Deterministic Tools | Code-First Agents

Problem

An issue has 5 checkboxes, references 3 file paths, and includes acceptance criteria. That's a well-specified issue. The planning approach should be lightweight.

But if you ask the LLM to figure that out from the raw issue body, you're spending tokens on pattern matching that regex can do in milliseconds. Worse, the LLM might miss a checkbox, miscount the signals, or change its assessment depending on how the issue is worded.

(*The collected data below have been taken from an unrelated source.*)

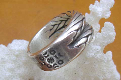 | タイ北部に住む山岳民族カレン族のシルバーリングです。 カレン族シルバーの純度は925からそれ以上と非常に高い純度です。 ハンドメイドによって作られるカレン族シルバーは、1つ1つ表情が違い、温かさを感じます。 また1つ1つ手打ちで丁寧に打たれた刻印の文様は神秘的かつ繊細な印象を与えてくれます。 ●サイズ:約17号(+2号くらいまで調整可能) ●リング幅:最大約10㎜ |
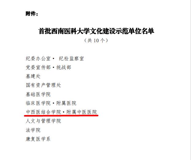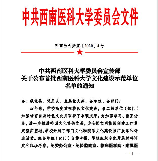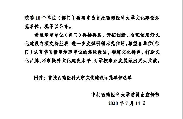 近日,中共西南医科大学委员会宣传部公布首批西南医科大学文化建设示范单位,我院成功获批。
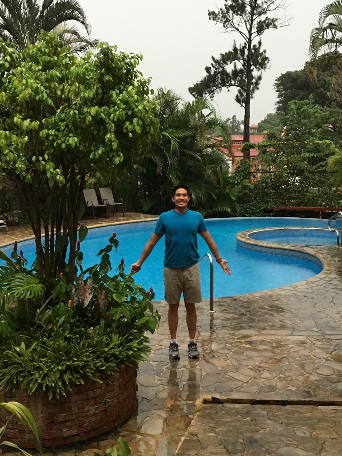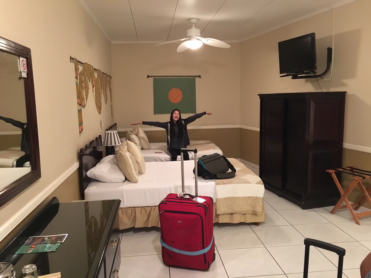 When we walked out of the terminal, it was lightning and thunder and pouring heavy rain! Discover Corps guide Wayne met us with a sign and had the van pick us up. We rode over to the hotel nearby. Wali the driver and Wayne gave us some local facts about Costa Rica. Seven provinces. Active volcanos. San Jose is the national capital. Rainy and dry season. We’re in the rainy season now obviously.
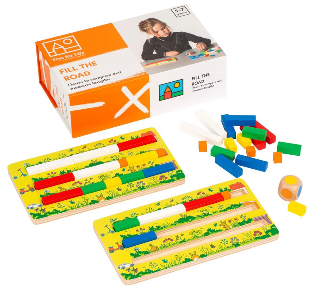 Павирайте пътечките върху работната дъска, като използвате блокчета с различна дължина. Играта помага на децата да се научат да напасват елементи, както и да измерват, сравняват и заменят обекти по дължина.
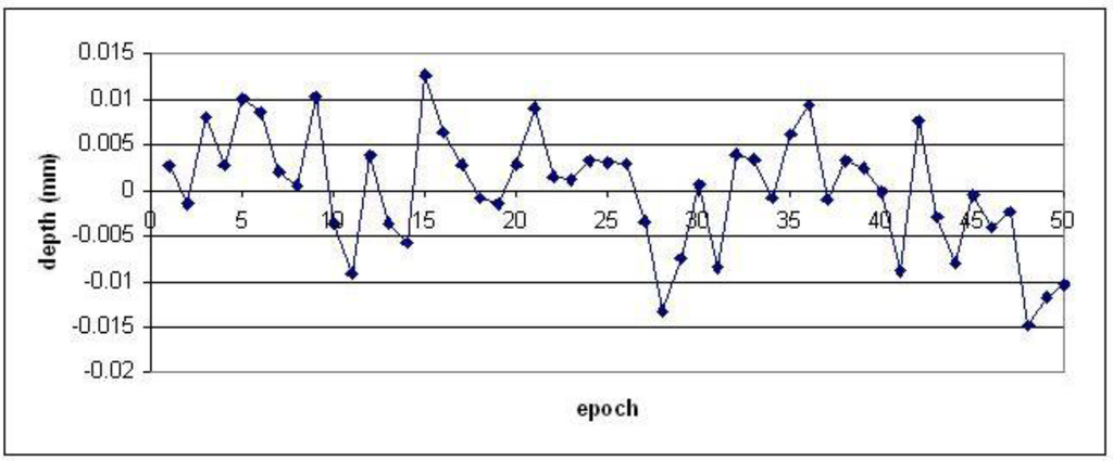 Figure 12 shows the differences between mechanical and photogrammetric measurements. Probably, the better result along the depth is due to the use of highly convergence cameras and an easier tracking phase (feature positions do not significantly change in the image). This aspect needs further investigations. However, these results are good and confirm the potentialities of the developed and implemented strategies.
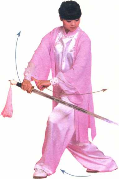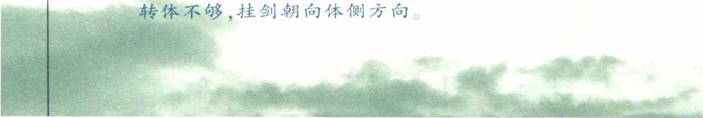 挂剑是用剑尖由前向后勾开对方。做本动时,右臂屈腕挥臂, 使剑尖向下,虎口向后,剑尖领先,剑贴近身体左侧向下、向后挂 摆,运行路线成立圆。
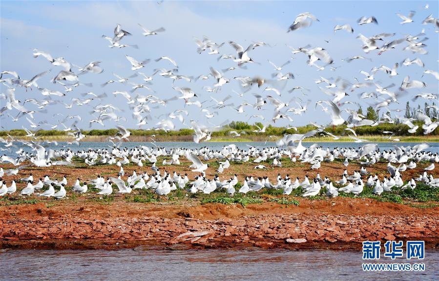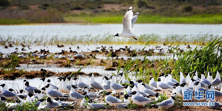 5月27日在陜西省神木市紅堿淖拍攝的遺鷗。陜西省神木市紅堿淖是中國最大的沙漠淡水湖,近年來隨著周邊生態(tài)環(huán)境改善,紅堿淖水位逐年提升,水域面積不斷擴(kuò)大,每年四至八月,都會吸引大批遺鷗來此繁衍棲息,已成為遺鷗繁殖的重要基地。新華社記者劉瀟攝
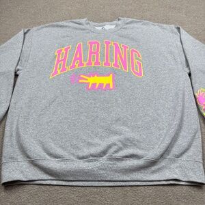 Keith Haring Sweatshirt Women's Size XL Gray Pullover Dog Graphic Casual
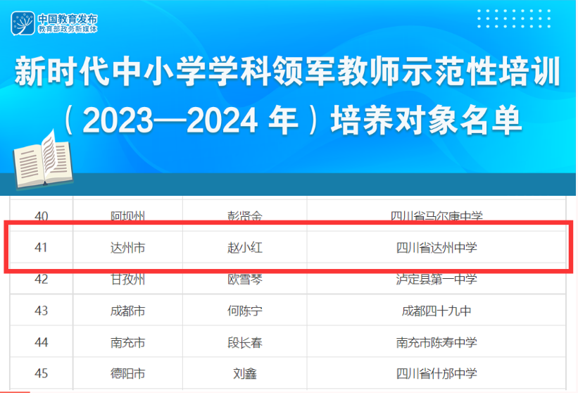 达州中学赵小红老师入选国家级教师培训项目培养对象名单
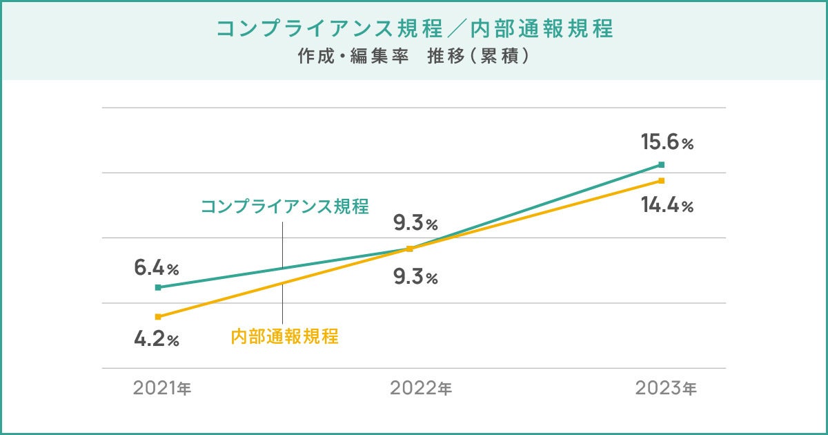 ① この1 年でコンプライアンス規程の作成・編集率は約1.7 倍増、内部通報規程は約1.5 倍増。
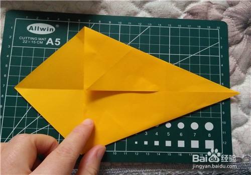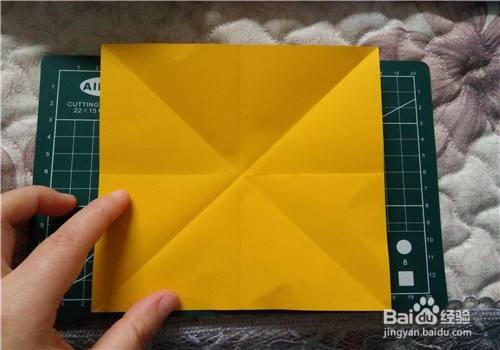 接下来再把彩纸从中间对折,如图一。把彩纸转一下,把四个角垂直翻折,如图二。我们再把右侧的角向上折,如图三。
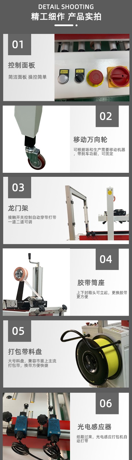 - 打包帶供給裝置:儲存有足夠長度的打包帶,通常是成卷放置。在打包過程中,打包帶會從卷上被抽出并輸送到工作區域。打包帶的材質多樣,有塑料打包帶、鋼帶等,不同的材質適用于不同重量和類型的產品包裝。
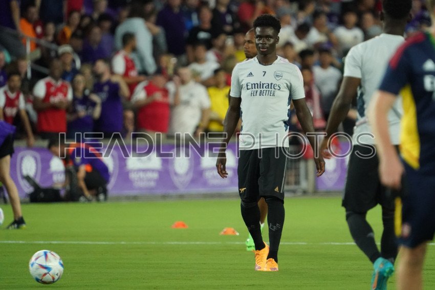 Orlando, Florida, USA, July 20, 2022, Arsenal FC forward Bukayo Saka warming up at Exploria Stadium in a Friendly Match. (Photo Credit: Marty Jean-Louis)
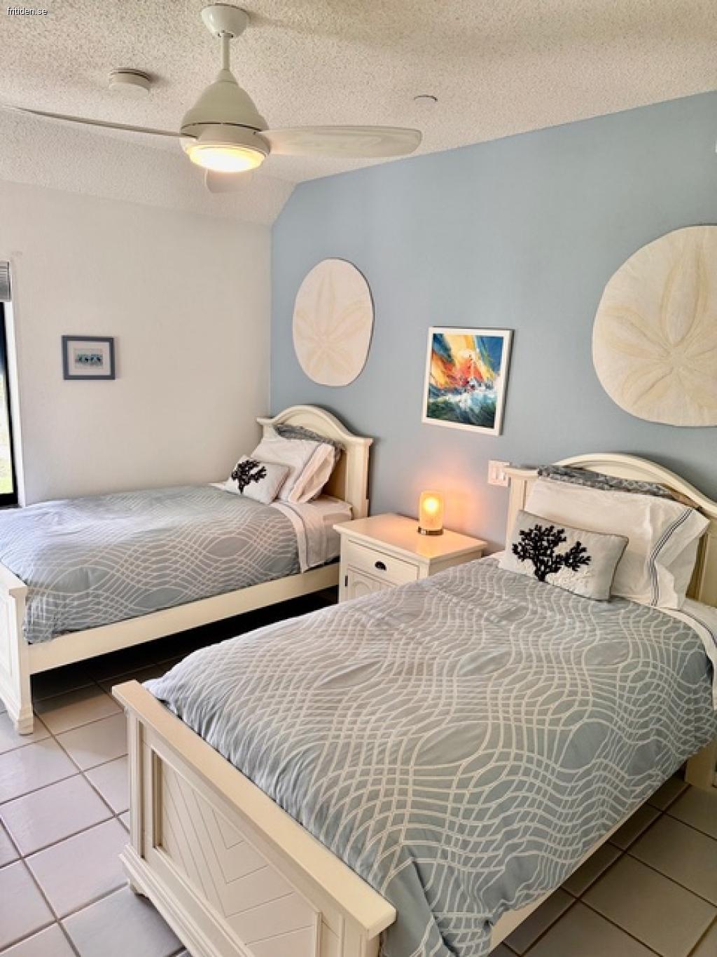 Townhome 2 bedrooms ( one with a Queen size bed and the other with 2 single beds ) , 2 baths, 2 bikes, fully equipped kitchen and laundry room with washer /dryer. Lanai with sitting area. Located on the beautiful grounds inside the Bay Isles gates. Quiet neighbourhood with Pool, Gym, Tennis and Pickleball. Access to a private beach with parking - 1 minute drive or 5 minute bike ride. The living room/open concept kitchen/dining room has high ceilings, is bright and spacious. View of Sarasota Bay from the living room.
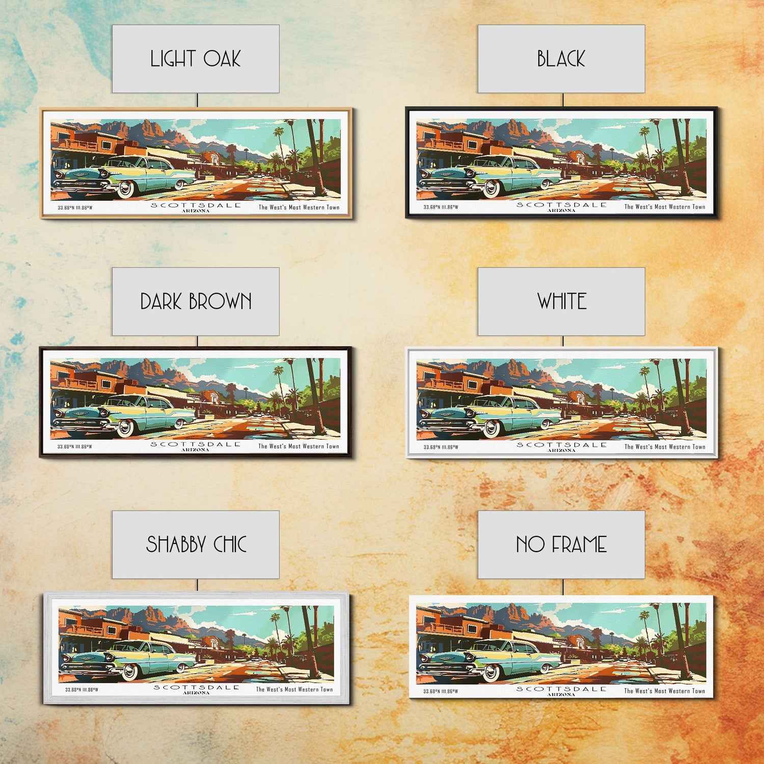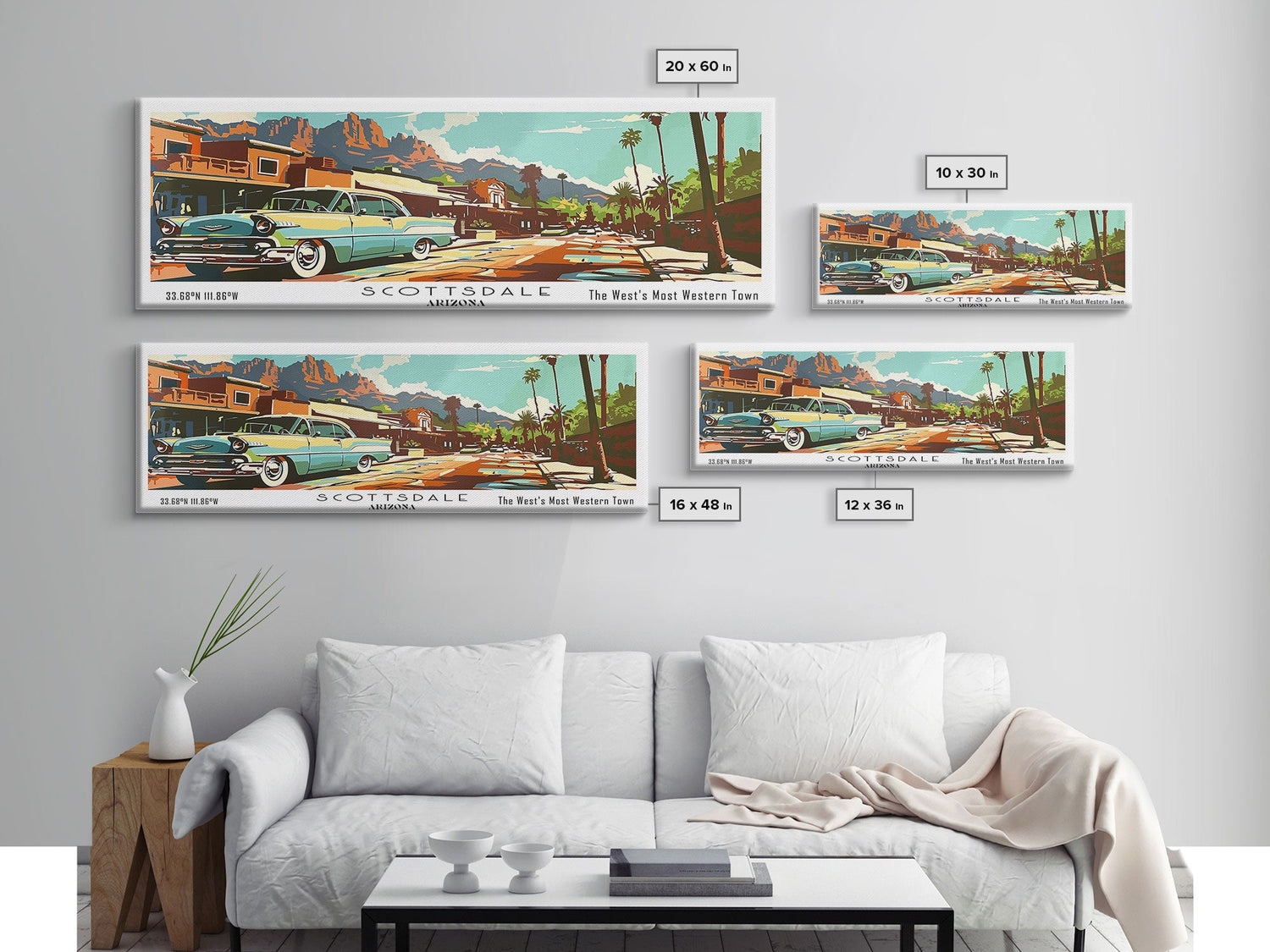 Scottsdale Arizona Panoramic Painting, Mid Century Modern Framed Canvas Print, Retro Pop Art Travel Poster, Living Room and Office Wall Art

Every time you ask the LLM to do deterministic work, you're paying for unpredictability. You can't write a test for "the LLM usually counts checkboxes correctly." You can't debug why it called the same issue "complex" yesterday and "simple" today.

I ran into this building an issue triage agent. The same issue got different complexity ratings on different runs. Moving the signal counting to a script made it deterministic overnight.

Solution

Move deterministic work into CLI tools with a standard contract. The tool takes named parameters, processes them with regular code (regex, scoring, file I/O, validation), and outputs JSON to stdout. The LLM calls the tool and consumes the result.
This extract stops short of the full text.